When Robert Mendys was diagnosed with stage III rectal cancer in December 2014, he faced a profound dilemma. He wanted to make sure the cancer didn’t take him away from his wife and three young sons. But at only 46, he was very concerned about the long-term effects of surgical treatment.
“I felt that I had one shot at getting this right,” he says. “I needed to make sure I could still be here to watch my kids grow up. But I also read on patient websites that many who have had rectal surgery were having problems with urinary control and sexual dysfunction due to nerve damage.”
A former pharmaceutical sales representative living in southern New Jersey, Mr. Mendys sought the advice of his friends in the medical field and did more internet research. He learned that a minimal-access technique called robot-assisted surgery could reduce the risk of side effects — and that Memorial Sloan Kettering had one of the most active robotic surgery programs in the nation.
After receiving initial treatment of chemotherapy and proton therapy at the University of Pennsylvania to drastically shrink the tumor, Mr. Mendys came to MSK for a consultation with Julio Garcia-Aguilar, Chief of the Colorectal Service in the Department of Surgery.
Dr. Garcia-Aguilar immediately put him at ease. “Dr. Garcia-Aguilar had more than 20 years of experience with minimal-access surgery — and nine years performing robotic surgery — and his assistant told me he performs several robotic procedures a week,” Mr. Mendys says. “That really made a difference for me, knowing I would be treated by someone with that kind of expertise.”
Expanding Use of Robotic Surgery
Mr. Mendys is one of a growing number of patients benefiting from robot-assisted surgery, an enhanced minimal-access operation. Unlike traditional open surgery, minimal-access surgery involves the use of keyhole-size incisions, which often results in less pain and blood loss, a shorter hospital stay, and a faster recovery.

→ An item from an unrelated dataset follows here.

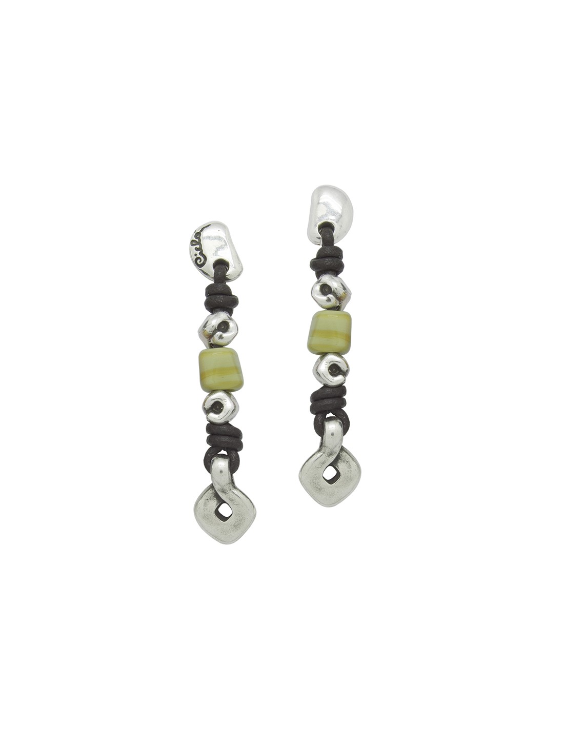 Pendientes largos de metal bañados en plata diseñados para la colección PARADISE, disponible también con cristal artesanal de Murano en varios colores. Un diseño característico de Ciclón hecho a mano en nuestras instalaciones de España. Nuestros controles de calidad en componentes y baños garantizan todas nuestras piezas durante 2 años.

In robotic surgery, a surgeon sits at a console and uses hand and foot controls to manipulate four interactive robotic arms, which are equipped with a high-definition vision system. The robot translates the surgeon’s hand, wrist, and finger movements into movements of the actual surgical instruments inside the patient.

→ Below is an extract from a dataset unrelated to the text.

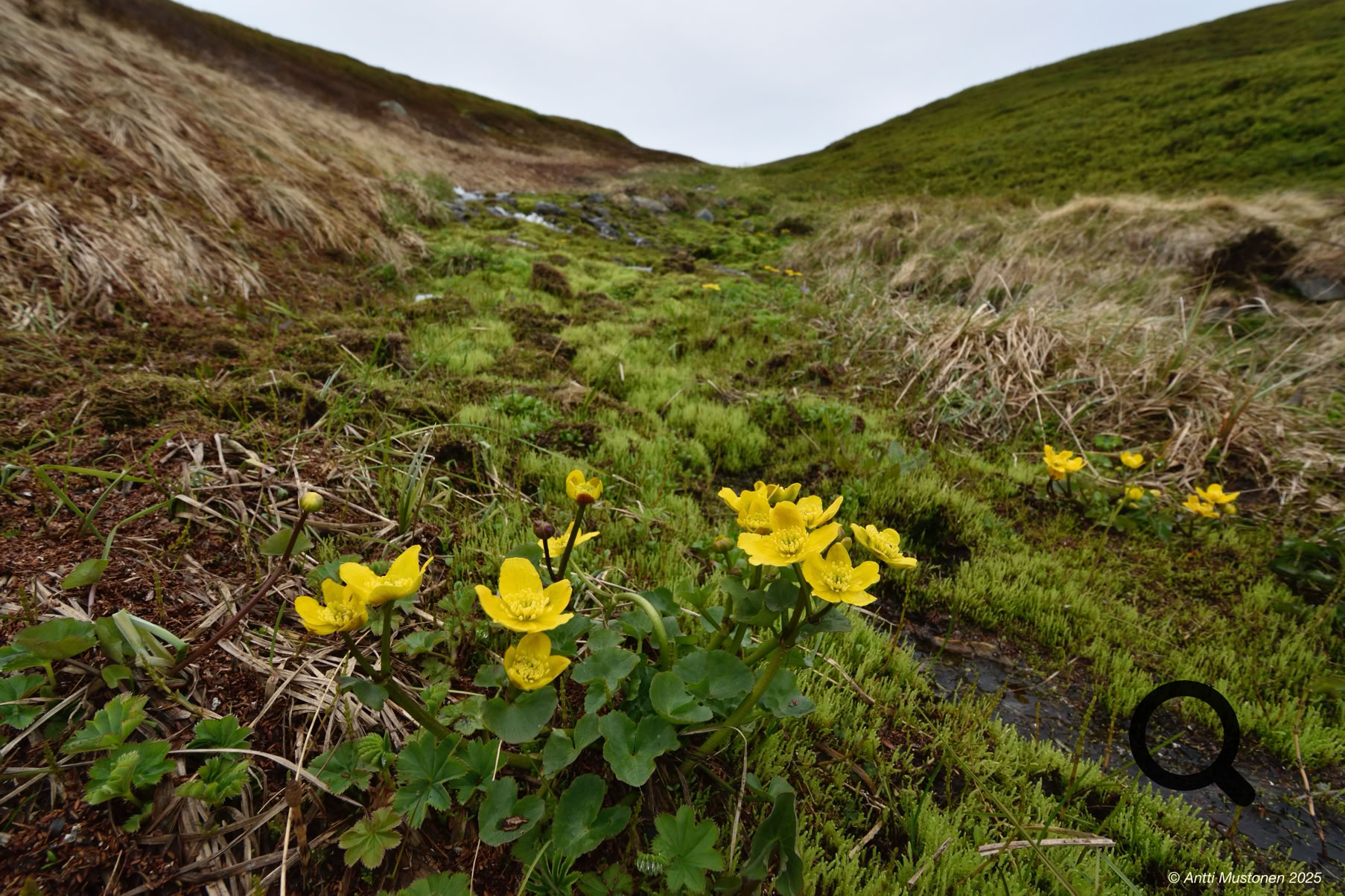 Huipulla kasvoi lapinvuokkoja, sekä ruusujuurta. Molemmat kukassa tuohon aikaan.

Surgeons can see the site of operation better because the “eyes” of the device — the camera — can go very close to the tissue and project a three-dimensional image that’s then magnified tenfold. In addition, the robot takes the surgeon’s motions and scales them down, allowing for enhanced precision.
When robotic surgery devices began to emerge around 2000, MSK quickly recognized the potential for expanding the number of minimally invasive procedures. MSK now has the largest robotic surgery program in the United States.
A Tool in Expert Hands
Gynecologic surgeon Mario Leitao, Director of MSK’s Minimal Access and Robotic Surgery Program, emphasizes that the expertise of MSK’s surgeons is what makes robotic surgery safe and effective.

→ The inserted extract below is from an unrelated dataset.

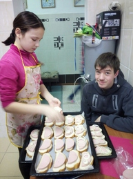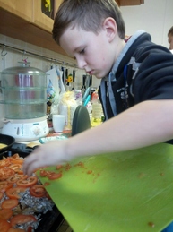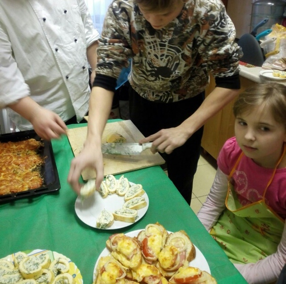 Когда продукты принесли все начали спрашивать у Лёши, что им делать, и он каждому помог найти занятие. Работа закипела. Запекали куриные грудки с грибами, помидорами и сыром. Ещё делали рулетики. Ребята всё запомнили и делали сами от начала и до конца. Оставалось ещё время, и мы решили сделать горячие бутерброды. А затем, как всегда, начался пир!

“The deciding factor is that it is the skill of the surgeon, working with the tool that he or she is most comfortable with, that gets the best result,” he says. “The idea is not to use the robot as much as possible but to ask, ‘What’s the best approach to curing your cancer and giving you a normal life afterward?’”
The majority of robotic operations at MSK are performed for gynecologic and urologic cancers, most typically hysterectomies (removal of the uterus) and radical prostatectomies (removal of the prostate). But robotic procedures are used for a variety of other cancers as well.
Leadership in Colorectal Cancer
MSK leads the nation in volume of robotic colon and rectal surgeries, with approximately 370 performed in 2015 alone.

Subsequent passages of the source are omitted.